Information given:
- Opening Delimiter -

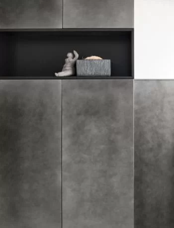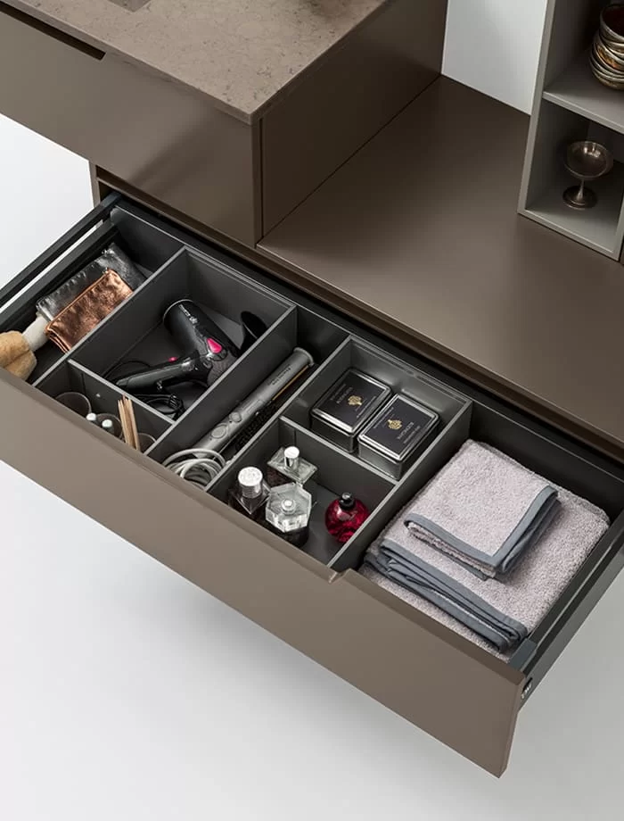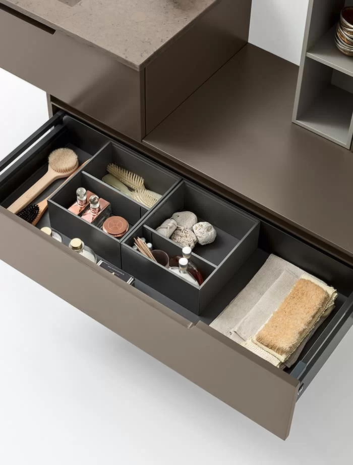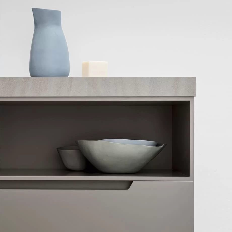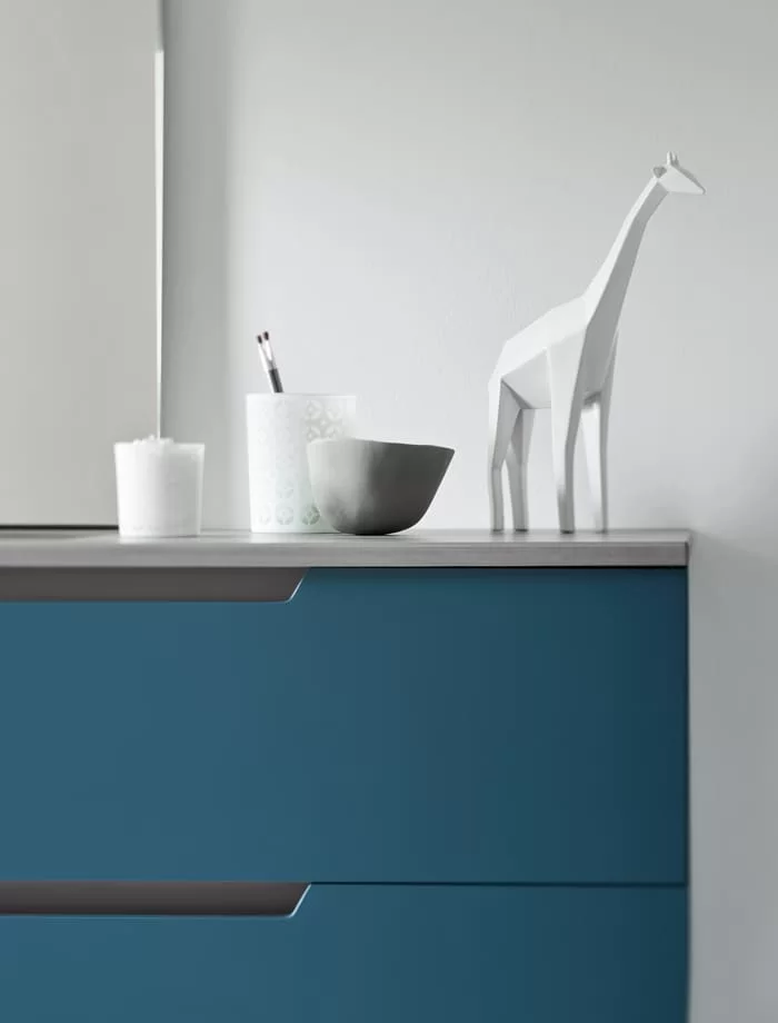 L’apertura a gola integrata nell’anta è il segno caratterizzante della collezione e il suo profilo a vista può essere personalizzato in tutte le tonalità laccate, per creare un look su misura: un dettaglio che trasforma la semplicità in un nuovo codice estetico. Scopri la grande libertà compositiva e l’ampia scelta di colori di Gold.
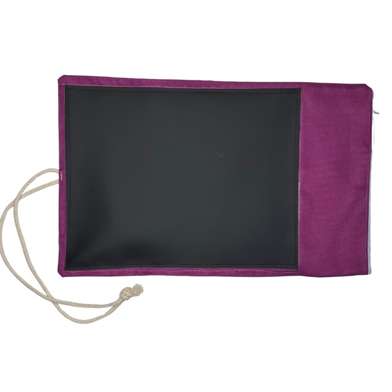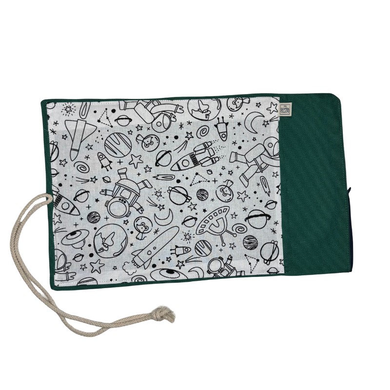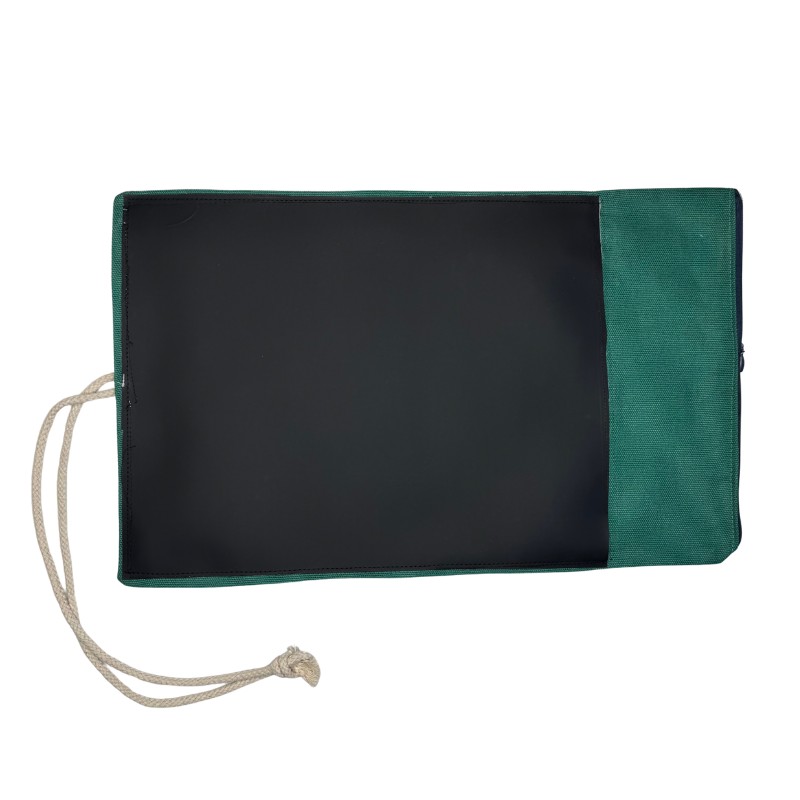 Materiali leggeri ma resistenti per garantire durabilità e trasportabilità. Controllare periodicamente le cuciture per assicurarsi che siano salde. Non utilizzare oggetti appuntiti o troppo duri per non graffiare la lavagna. Lavare a mano con detersivo delicato. Usare sempre sotto la supervisione di un adulto, specialmente se il bambino è molto piccolo. IMPORTANTE: Essendo artigianali, possono esserci lievi variazioni di colore o trama.
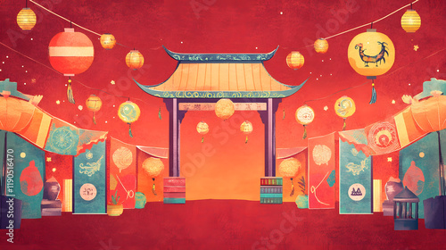 illustration of a festive market scene with lanterns, zodiac symbols, and colorful banners on a textured red background
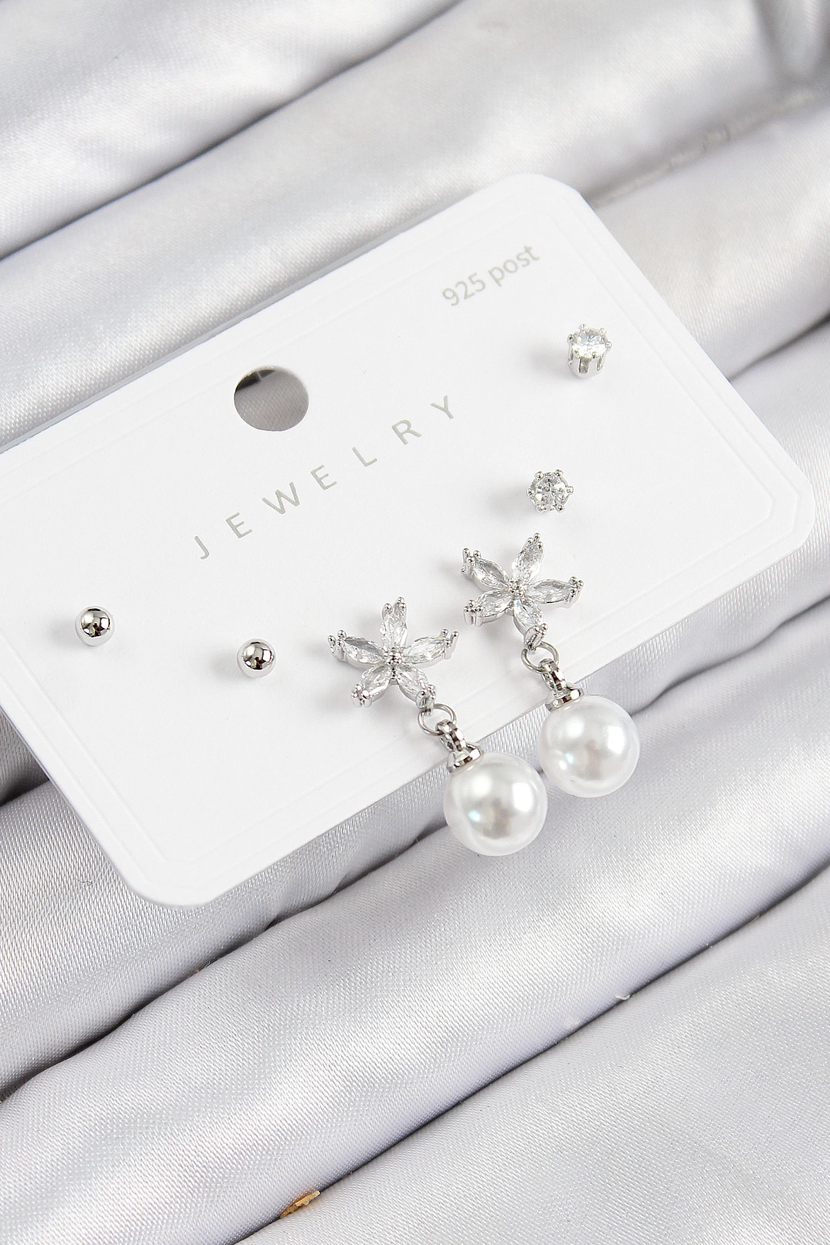 Pirinç Zirkon Taşlı İnci Sallantılı Çiçek Model Gümüş Renk 925 Ayar Gümüş Çivi Kadın Küpe Set
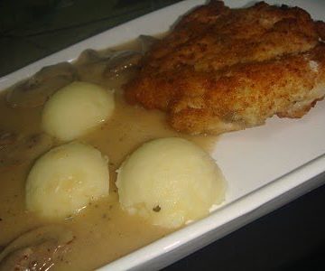 Easy Parmesan Chicken Cutlet with Mashed Potatoes in Mushroom Sauce.
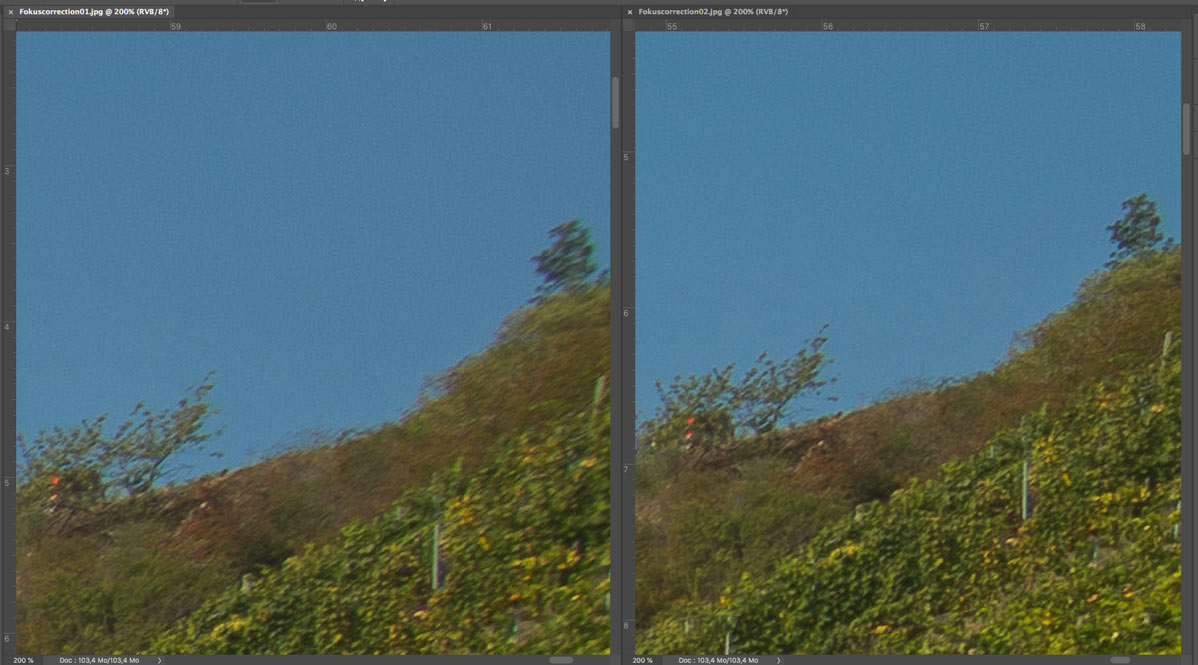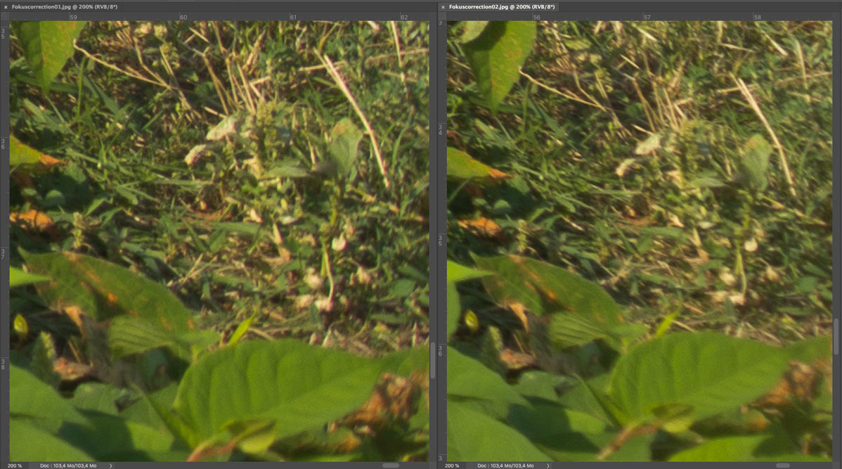 Vergleich zwischen "normaler" und "korrigierter" Scharfeinstellung (rechte untere Ecke, Nahbereich)
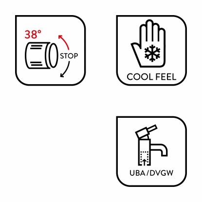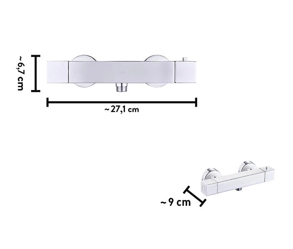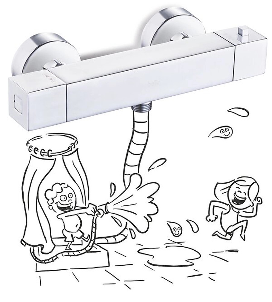 Termostatická sprchová batéria ponúka vďaka prednastaviteľnej teplote možnosť úspory vody a energie. Tento komfort je ešte doplnený ochranou proti obareniu pri +38 °C. Batéria nie je citlivá na kolísanie tlaku a je osadená osvedčenou značkovou kartušou a vybavená pripojovacím materiálom.
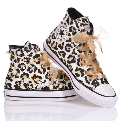 Converse Leo Pearls is the perfect sneaker to elevate any look with a blend of edge and romance. A leopard-print base with a cascade of pearls and Swarovski crystals, combined with distressed details, creates a bold contrast, while organza laces tie into a delicate, feminine bow.
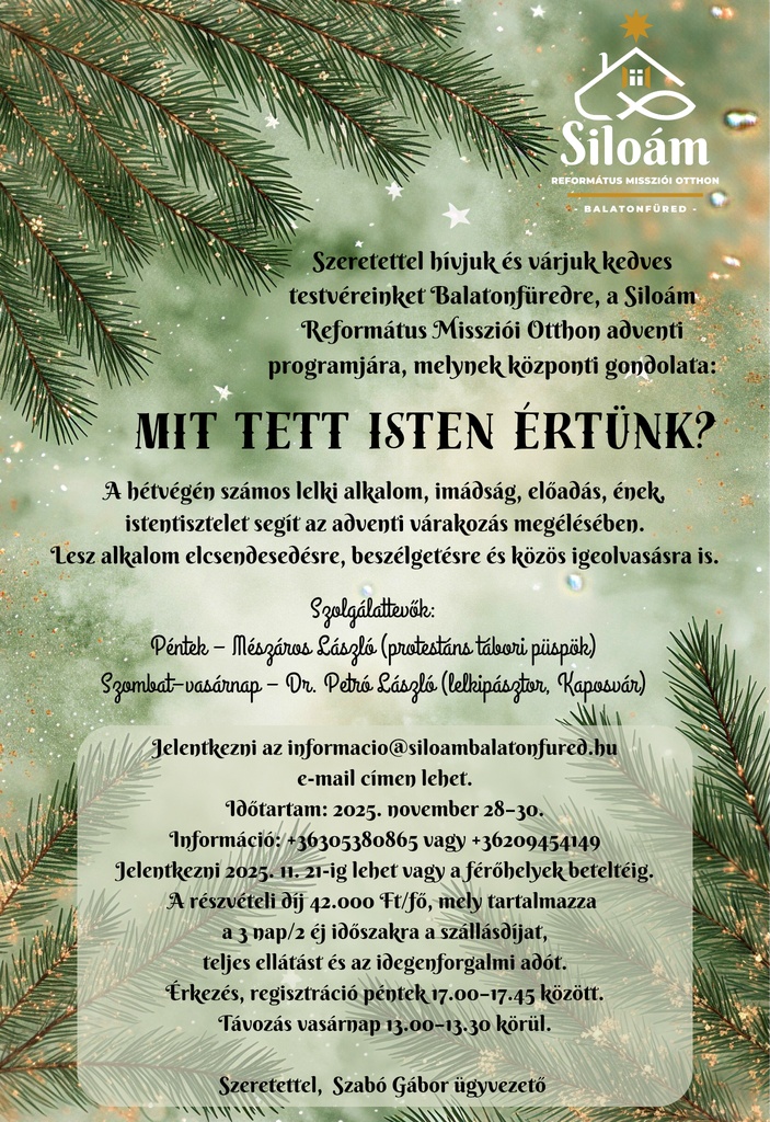DTRE Kommunikációs Szolgálat, 2025-11-11 07:16:14Adventi könyv- és ajándékvásár, csendeshétvége a lelki készülés jegyében. Szeretettel ajánljuk a Siloám Református Missziói Otthon adventi alkalmait.
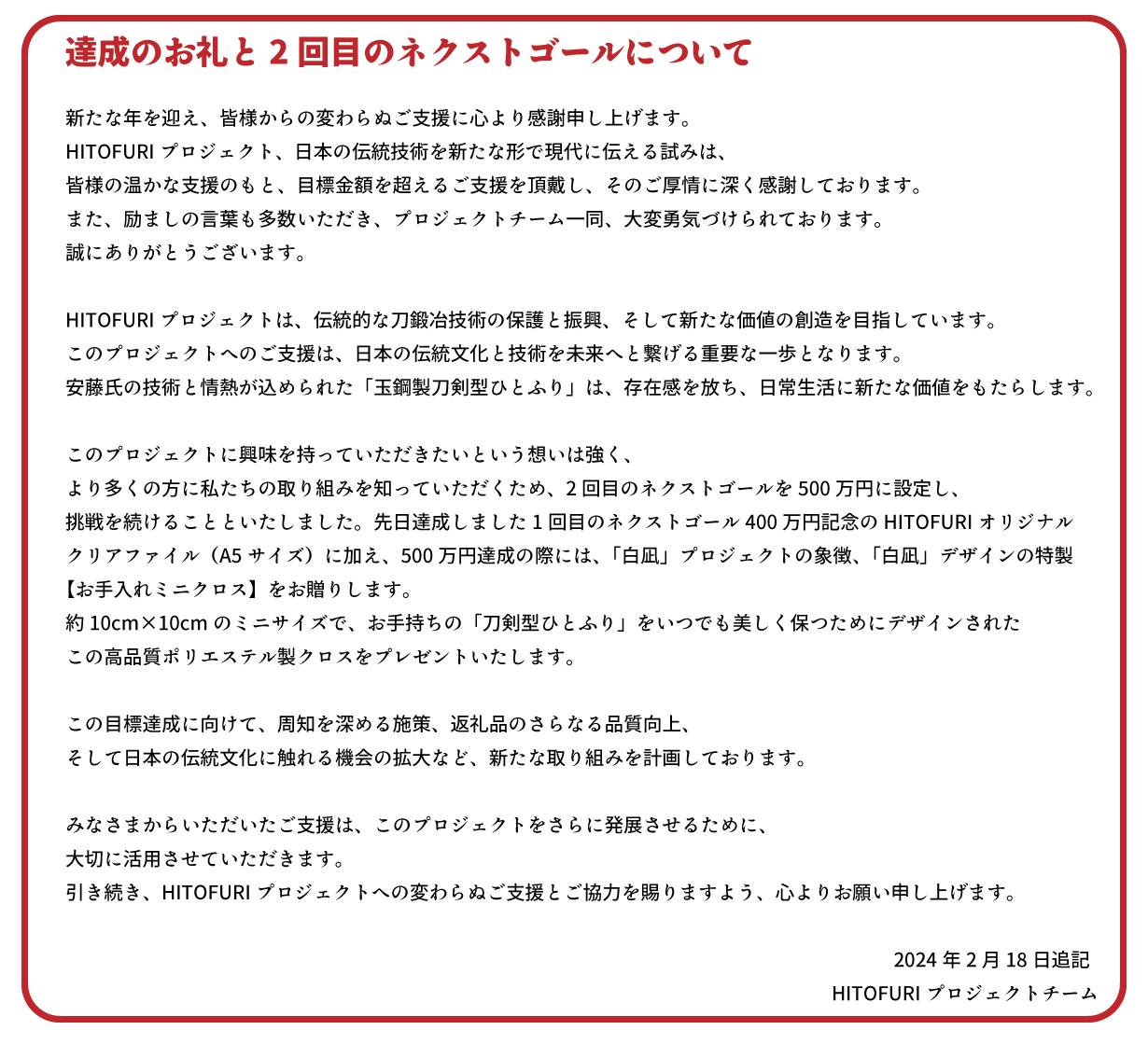 2025/03/04 20:29いつもHITOFURIプロジェクトを応援いただき、誠にありがとうございます。この度、3月6日(木)朝8時よりスタートする春の新プロジェクト【桜の西陣織&白蛇2025カード版】が公開となります!▼プロジェクトURLhttps://camp-fire.jp/projects/825856/preview?token=3re2tn84&utm_campaign=cp_po_share_c_msg_projects_show◇ 今回の見どころ ◇・西陣織は桜だけじゃない、新作「さやがた文様ブラック」の御守型ひとふり・2025年干支“白蛇”をあしらったカード版お守り刀・玉鋼×西陣織の雅が融合し、数量限定でご用意さらに、【3/6~3/9限定5%OFFシークレットクーポン】を発行予定!シークレットクーポン受け取りや“お気に入り登録”の手順は公式LINEでご案内中です。▼公式LINE登録URLhttps://lin.ee/PMeAiHWまた、3月8(土)・9(日)は東京・新橋のおかやまアンテナショップにて実物を手に取れるポップアップストアを開催。刀鍛冶 安藤広康も来場し、直接お話しいただけます。みなさまぜひお越しください!こちらも詳細は公式LINEにて!新しいHITOFURIの挑戦、ぜひご覧ください!引き続き、何卒よろしくお願いいたします。HITOFURIプロジェクト一同 もっと見る
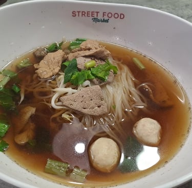 Before we knew it, R was having a case of the rumbletums, and that meant it was time for dinner. We headed off to the Market Village and R had his usual of a rice and pork dish, and I had a pork noodle soup followed by a mango sticky rice.

- Closing Delimiter -

What you are asked to do:
The expected output is each entry given again word for word, with pictures dropped.

The completed task:
 L’apertura a gola integrata nell’anta è il segno caratterizzante della collezione e il suo profilo a vista può essere personalizzato in tutte le tonalità laccate, per creare un look su misura: un dettaglio che trasforma la semplicità in un nuovo codice estetico. Scopri la grande libertà compositiva e l’ampia scelta di colori di Gold.
 Materiali leggeri ma resistenti per garantire durabilità e trasportabilità. Controllare periodicamente le cuciture per assicurarsi che siano salde. Non utilizzare oggetti appuntiti o troppo duri per non graffiare la lavagna. Lavare a mano con detersivo delicato. Usare sempre sotto la supervisione di un adulto, specialmente se il bambino è molto piccolo. IMPORTANTE: Essendo artigianali, possono esserci lievi variazioni di colore o trama.
 illustration of a festive market scene with lanterns, zodiac symbols, and colorful banners on a textured red background
 Pirinç Zirkon Taşlı İnci Sallantılı Çiçek Model Gümüş Renk 925 Ayar Gümüş Çivi Kadın Küpe Set
 Easy Parmesan Chicken Cutlet with Mashed Potatoes in Mushroom Sauce.
 Vergleich zwischen "normaler" und "korrigierter" Scharfeinstellung (rechte untere Ecke, Nahbereich)
 Termostatická sprchová batéria ponúka vďaka prednastaviteľnej teplote možnosť úspory vody a energie. Tento komfort je ešte doplnený ochranou proti obareniu pri +38 °C. Batéria nie je citlivá na kolísanie tlaku a je osadená osvedčenou značkovou kartušou a vybavená pripojovacím materiálom.
 Converse Leo Pearls is the perfect sneaker to elevate any look with a blend of edge and romance. A leopard-print base with a cascade of pearls and Swarovski crystals, combined with distressed details, creates a bold contrast, while organza laces tie into a delicate, feminine bow.
DTRE Kommunikációs Szolgálat, 2025-11-11 07:16:14Adventi könyv- és ajándékvásár, csendeshétvége a lelki készülés jegyében. Szeretettel ajánljuk a Siloám Református Missziói Otthon adventi alkalmait.
 2025/03/04 20:29いつもHITOFURIプロジェクトを応援いただき、誠にありがとうございます。この度、3月6日(木)朝8時よりスタートする春の新プロジェクト【桜の西陣織&白蛇2025カード版】が公開となります!▼プロジェクトURLhttps://camp-fire.jp/projects/825856/preview?token=3re2tn84&utm_campaign=cp_po_share_c_msg_projects_show◇ 今回の見どころ ◇・西陣織は桜だけじゃない、新作「さやがた文様ブラック」の御守型ひとふり・2025年干支“白蛇”をあしらったカード版お守り刀・玉鋼×西陣織の雅が融合し、数量限定でご用意さらに、【3/6~3/9限定5%OFFシークレットクーポン】を発行予定!シークレットクーポン受け取りや“お気に入り登録”の手順は公式LINEでご案内中です。▼公式LINE登録URLhttps://lin.ee/PMeAiHWまた、3月8(土)・9(日)は東京・新橋のおかやまアンテナショップにて実物を手に取れるポップアップストアを開催。刀鍛冶 安藤広康も来場し、直接お話しいただけます。みなさまぜひお越しください!こちらも詳細は公式LINEにて!新しいHITOFURIの挑戦、ぜひご覧ください!引き続き、何卒よろしくお願いいたします。HITOFURIプロジェクト一同 もっと見る
 Before we knew it, R was having a case of the rumbletums, and that meant it was time for dinner. We headed off to the Market Village and R had his usual of a rice and pork dish, and I had a pork noodle soup followed by a mango sticky rice.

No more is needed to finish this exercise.